Introduction to Structural Equation Modeling with Latent Variables


Comparison of the CALIS and SYSLIN Procedures

The SYSLIN procedure in SAS/ETS software can fit certain kinds of path models and linear structural equation models. PROC CALIS differs from PROC SYSLIN in that PROC CALIS is more general in the use of latent variables in the models. Latent variables are unobserved, hypothetical variables, as distinct from manifest variables, which are the observed data. PROC SYSLIN allows at most one latent variable, the error term, in each equation. PROC CALIS allows several latent variables to appear in an equation—in fact, all the variables in an equation can be latent as long as there are other equations that relate the latent variables to manifest variables.

Both the CALIS and SYSLIN procedures enable you to specify a model as a system of linear equations.
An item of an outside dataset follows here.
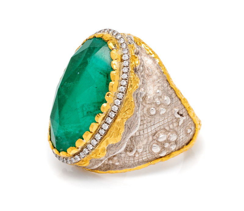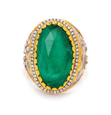 A Sterling Silver, 24 Karat Gold, Assembled Gemstone and Diamond Ring, Victor Velyan,

When there are several equations, a given variable might be a dependent variable in one equation and an independent variable in other equations. Therefore, additional terminology is needed to describe unambiguously the roles of variables in the system. Variables with values that are determined jointly and simultaneously by the system of equations are called endogenous variables. Variables with values that are determined outside the system—that is, in a manner separate from the process described by the system of equations—are called exogenous variables. The purpose of the system of equations is to explain the variation of each endogenous variable in terms of exogenous variables or other endogenous variables or both. See Loehlin (1987, p. 4) for further discussion of endogenous and exogenous variables. In the econometric literature, error and disturbance terms are usually distinguished from exogenous variables, but in systems with more than one latent variable in an equation, the distinction is not always clear.
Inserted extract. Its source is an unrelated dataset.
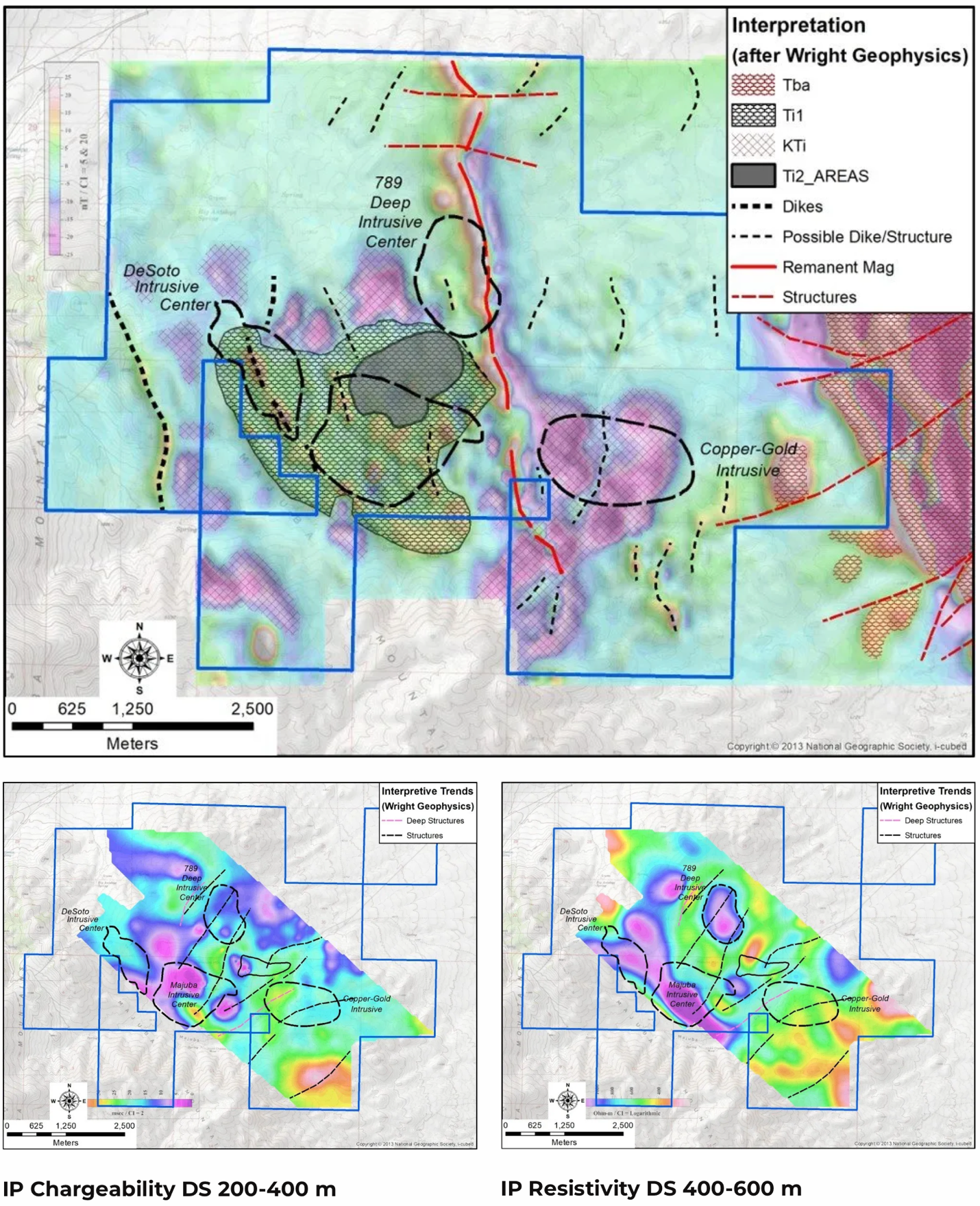 Figure 4. Geophysics including magnetics (top) and IP (bottom) at Majuba Hill

In PROC SYSLIN, endogenous variables are identified by the ENDOGENOUS statement. In PROC CALIS, endogenous variables are identified by the procedure automatically after you specify the model. With different modeling languages, the identification of endogenous variables by PROC CALIS is done by different sets of rules. For example, when you specify structural equations by using the LINEQS modeling language in PROC CALIS, endogenous variables are assumed to be those that appear on the left-hand sides of the equations; a given variable can appear on the left-hand side of at most one equation. When you specify your model by using the PATH modeling language in PROC CALIS, endogenous variables are those variables pointed to by arrows at least once in the path specifications.

PROC SYSLIN provides many methods of estimation, some of which are applicable only in special cases. For example, ordinary least squares estimates are suitable in certain kinds of systems but might be statistically biased and inconsistent in other kinds. PROC CALIS provides three major methods of estimation that can be used with most models. Both the CALIS and SYSLIN procedures can do maximum likelihood estimation, which PROC CALIS calls ML and PROC SYSLIN calls FIML. PROC SYSLIN can be much faster than PROC CALIS in those special cases for which it provides computationally efficient estimation methods. However, PROC CALIS has a variety of sophisticated algorithms for maximum likelihood estimation that might be much faster than FIML in PROC SYSLIN.

PROC CALIS can impose a wider variety of constraints on the parameters, including nonlinear constraints, than can PROC SYSLIN. For example, PROC CALIS can constrain error variances or covariances to equal specified constants, or it can constrain two error variances to have a specified ratio.